How to complete this task: Go through the data below and transcribe it exactly. Omit the images.

Recorded data:
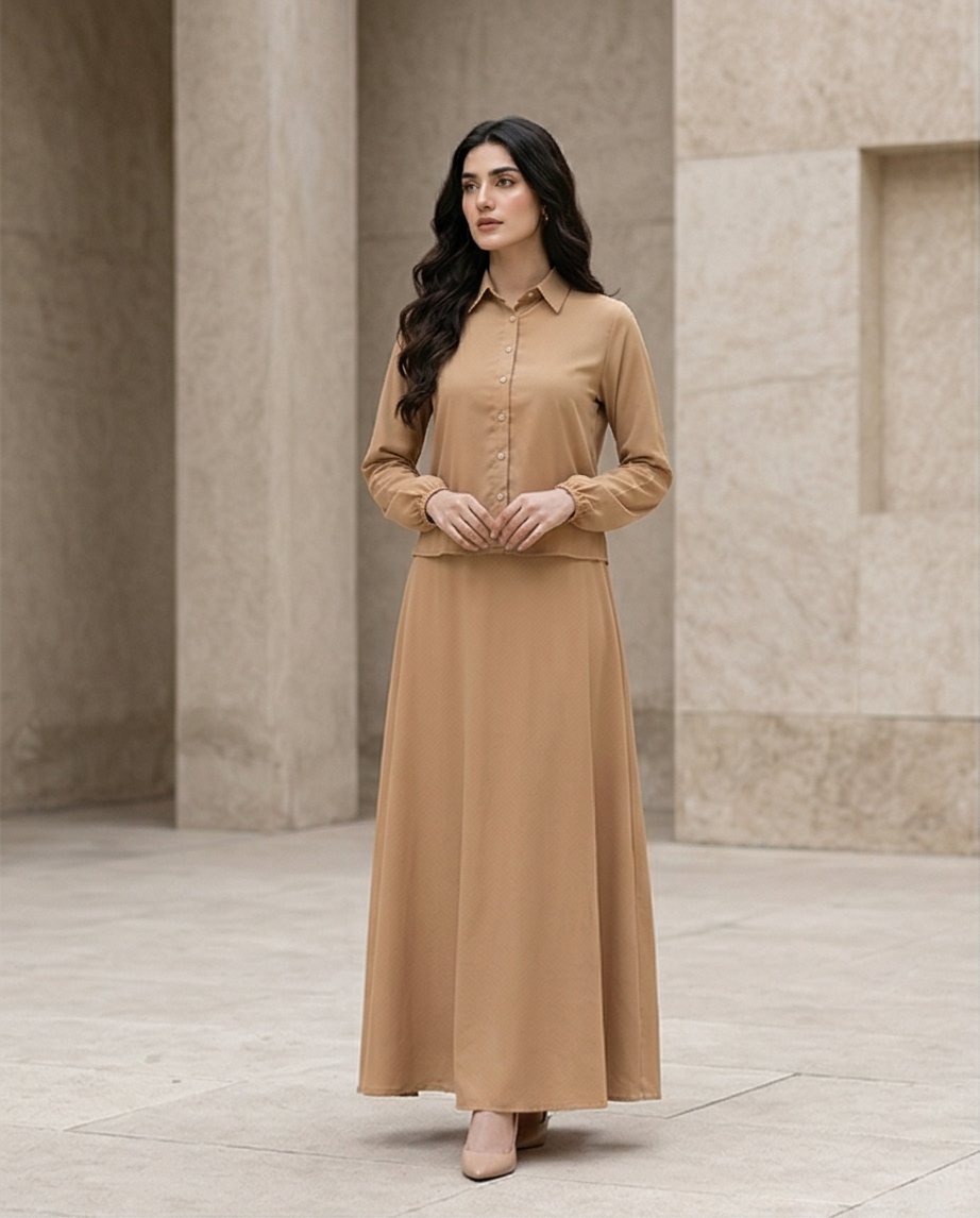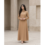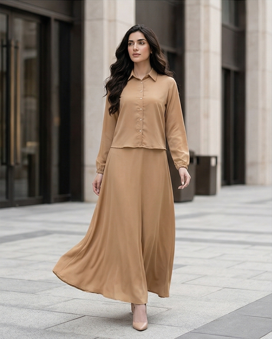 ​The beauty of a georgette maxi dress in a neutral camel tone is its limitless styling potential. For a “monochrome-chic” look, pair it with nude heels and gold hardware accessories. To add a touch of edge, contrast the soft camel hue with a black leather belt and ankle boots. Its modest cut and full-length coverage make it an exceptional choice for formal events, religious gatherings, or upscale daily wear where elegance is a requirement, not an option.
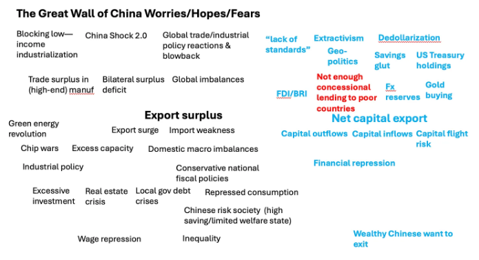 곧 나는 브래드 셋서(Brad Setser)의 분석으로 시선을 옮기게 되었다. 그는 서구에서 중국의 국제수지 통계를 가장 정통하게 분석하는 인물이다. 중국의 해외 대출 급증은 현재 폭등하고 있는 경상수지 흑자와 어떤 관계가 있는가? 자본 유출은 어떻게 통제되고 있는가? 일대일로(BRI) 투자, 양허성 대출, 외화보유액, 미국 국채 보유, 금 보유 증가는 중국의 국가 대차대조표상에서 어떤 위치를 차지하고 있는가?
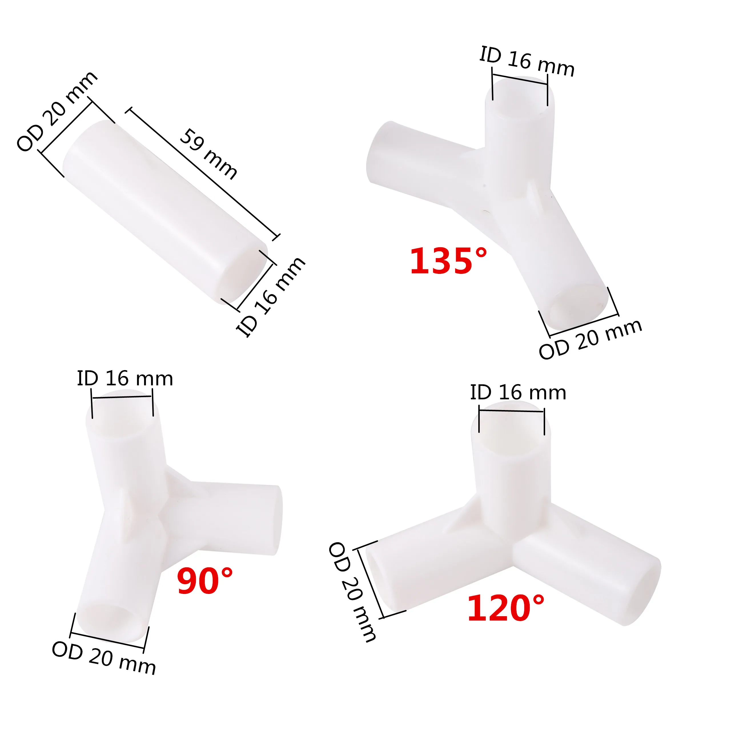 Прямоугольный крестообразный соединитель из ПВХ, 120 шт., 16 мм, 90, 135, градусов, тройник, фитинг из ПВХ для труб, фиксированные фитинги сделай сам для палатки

Task response:
 ​The beauty of a georgette maxi dress in a neutral camel tone is its limitless styling potential. For a “monochrome-chic” look, pair it with nude heels and gold hardware accessories. To add a touch of edge, contrast the soft camel hue with a black leather belt and ankle boots. Its modest cut and full-length coverage make it an exceptional choice for formal events, religious gatherings, or upscale daily wear where elegance is a requirement, not an option.
 곧 나는 브래드 셋서(Brad Setser)의 분석으로 시선을 옮기게 되었다. 그는 서구에서 중국의 국제수지 통계를 가장 정통하게 분석하는 인물이다. 중국의 해외 대출 급증은 현재 폭등하고 있는 경상수지 흑자와 어떤 관계가 있는가? 자본 유출은 어떻게 통제되고 있는가? 일대일로(BRI) 투자, 양허성 대출, 외화보유액, 미국 국채 보유, 금 보유 증가는 중국의 국가 대차대조표상에서 어떤 위치를 차지하고 있는가?
 Прямоугольный крестообразный соединитель из ПВХ, 120 шт., 16 мм, 90, 135, градусов, тройник, фитинг из ПВХ для труб, фиксированные фитинги сделай сам для палатки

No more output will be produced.